The point of this recognition is not to lambast the hypocrisy of individuals or to find new bad guys within the ranks of the good. It is, rather, to begin any discussion with a fundamental recognition of our contingency. In fact, it would be pretty hard to find a humanities faculty member at Berkeley who does not have some kind of interdependent relationship with Hoover’s treasury secretary (that would be Andrew Mellon). The critical humanities teach us that there is no pure position, that psychic allegiance is as mixed as the economies that we inhabit. It teaches us that it is precisely because of this impurity that we need to attend to the complexities of our predicaments with that much more care. It means asking ourselves to stay vigilant both about the source and the goals of our funding. In fact, if we lose our distinctively public character, we will no doubt lose stalwart supporters and alumni who believed in our university’s mission. Because private donation has supported core values of equal access, intellectual risk, and artistic imagining, I do not equate philanthropy with “privatization” tout court. That said, if our funding (whether philanthropic, regular revenue, grant supported, or state-derived) radically unbalances the playing field, then our ability to support the heterogeneous pursuits of a full-service liberal arts research university are put at risk. The great and diverse “we” that is the University of California will be threatened if our funding streams create more impulses to separate “mine” from “yours.”
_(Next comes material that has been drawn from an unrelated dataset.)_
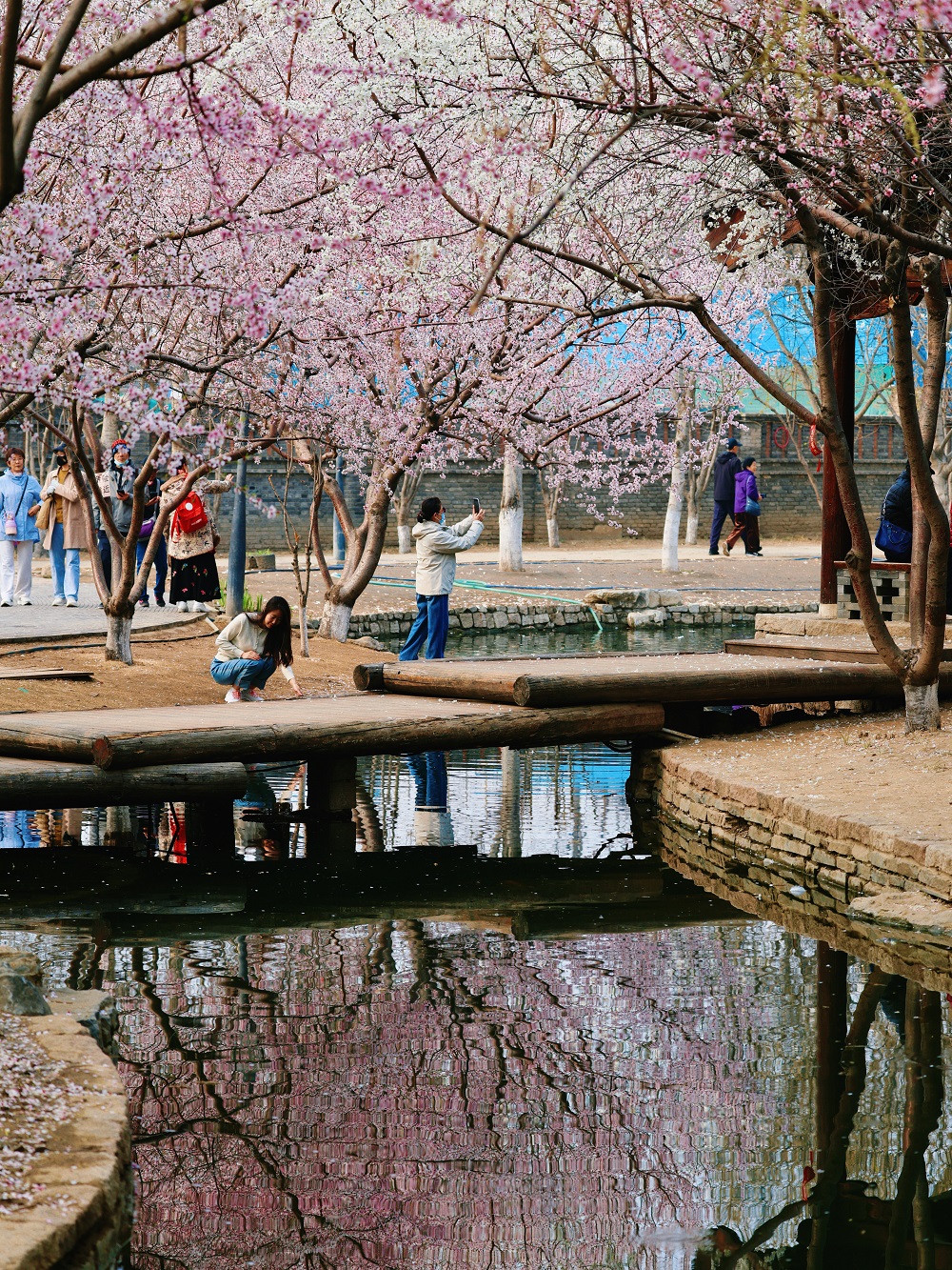 三里河公園位於北京市東城區前門地區,以其“水穿街巷”的景觀和融合歷史文脈與生態功能而著稱,成為了衚同裏的“小江南”。現在的三里河,是屬於桃花的季節,花溪流水,魚鴨自得,隨手一拍都是溫婉意境。

The University, like other social institutions nationally and internationally, operates in a mixed economy; our ability to advance the core values of our mission—access, equality, critique, experimentation, democratic citizenship—will only come with an open investigation of how we are constrained and enabled by the private and public funding on which we already depend. With care and rigor, we will put ourselves at the forefront of a much larger international discussion on the future of the social. With care and rigor, we will contribute to that imagining by maintaining a research university in perpetual pursuit of the unanswered question.
Shannon Jackson is Chair and Professor of Theater, Dance and Performance Studies and Professor of Rhetoric at UC Berkeley. She is currently working on a book entitled Social Works: The Infrastructural Politics of Performance.